Striving for the golden rule is admirable and really challenging.
I spent 12 years running recruiting organizations, in both the corporate and agency worlds.
While, a bit of an overarching review, throughout the hiring process, agency recruiters are much better at keeping their candidates up to date than in-house recruiters are. That’s probably because they are better incentivized to do so.
What all recruiters agree is that candidates should not be allowed to fall into black holes in the hiring process. But sadly, we’ve all been there.
By black hole I mean when candidates apply for positions or even get through some interviews only to be left in the dark and not hear any news back from the organization.
If you’ve ever been a recruiter, you’ve done it (hopefully unintentionally) to candidates, and as a candidate at some point in your life, you’ve definitely been in the black hole. In all honesty, you’ve probably been there multiple times.
No recruiters want to leave candidates in the dark, but unfortunately recruiters are overworked and under-resourced.
And when candidates fall into black holes, everyone loses.
The reality is that most recruiters who I’ve ever worked with or talked to, do want to try and deliver on the Golden Rule. We’d all really love to treat candidates the way that we’d want to be treated as candidates ourselves.
What It Really Takes To Change Your Recruiting Practices
Here’s a quick framework for recruiting teams who want to polish their approach to how they treat and communicate with their candidates.
Own the Mindset
It all starts with having belief and owning it. You have to want change the way the game is played. You have to believe that when you change the way that you both approach and do your job, it will change the way that candidates are treated. You have to believe that when candidates are informed, aware, prepared, excited and engaged with your interviewing process, that there’s a much much higher likelihood that they stay engaged with your hiring process. In the end, you have to believe these actions will make your candidates value your offer more than other competing job offers. Or at the very least, they walk away with a positive view of their experience with your hiring brand (and hopefully they continue to do business with your brand or would up for interviewing with you again down the road). It’s a way of thinking that will permeate the way that you act and specifically the way that you prioritize your day and setup the processes and structure around how you do your job.
Create a Process That Can Scale
Recruiters desks, their tools, to include specifically most ATS’, are not set-up to easily help them be productive. In fact, most recruiting desks are set up to be run in a very manual, one-off activity, kind of way.
Communication Is Key
Over time, you’ll want to implement a process aimed heavily at communicating with candidates because a lack of communication is the sole cause of candidates falling into the black hole.
You want to figure out where the most critical points of communication are within your hiring process.
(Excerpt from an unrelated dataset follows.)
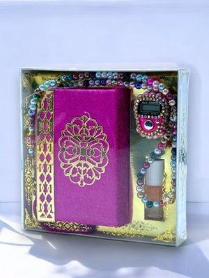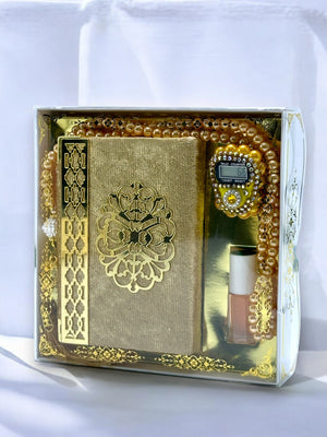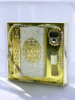 Cep Boy Kuran-ı Kerim, Zikirmatik, Koku Esans ve İnci Tesbih Seti – Şık ve Manevi Hediye Seti

These are the points where it’s most important to create awareness and preparedness for candidates. Your list probably includes some of these communication tasks:
- Welcoming candidates to your hiring brand and providing a map of the interview process
- Letting candidates know that they are still under consideration and where they stand within your hiring process
- An update when there’s a delay in momentum
- Getting candidates prepared for critical rounds of interviews with hiring manager information, what’s going to happen during that round, etc.
- Requesting scheduling information
- Providing feedback
- Surveying candidates to get their feedback on their experience (all candidates, not just candidates who were hired)
Ideally, your whole team is working together on evolving the communication with candidates. Start with implementing one new communication step in the process, make that work for a month and then start adding the next, and scale it from there.
Taking the First Step
It’s easier to introduce one new step than to completely reinvent your approach overnight. You may decide that an email template will make it work at one stage, or that text messaging may work at another. There are some good candidate communication solutions out there for you to help with some or all of these communication needs.
As you build upon your communication strategy, measure how your approach is working and the impact it’s having. Surveying your candidates today, will give you a baseline of how they feel about your hiring process. Use some kind of easy scale, and let them provide some qualitative feedback about their score. Then as you implement your additional new communication approaches, continue to measure the awesome improvements in the scores and see their comments improve!
The devil is in the details. As you implement each new step, be precise with the process you are running with and hold yourself accountable to actually doing it, every time, with every candidate.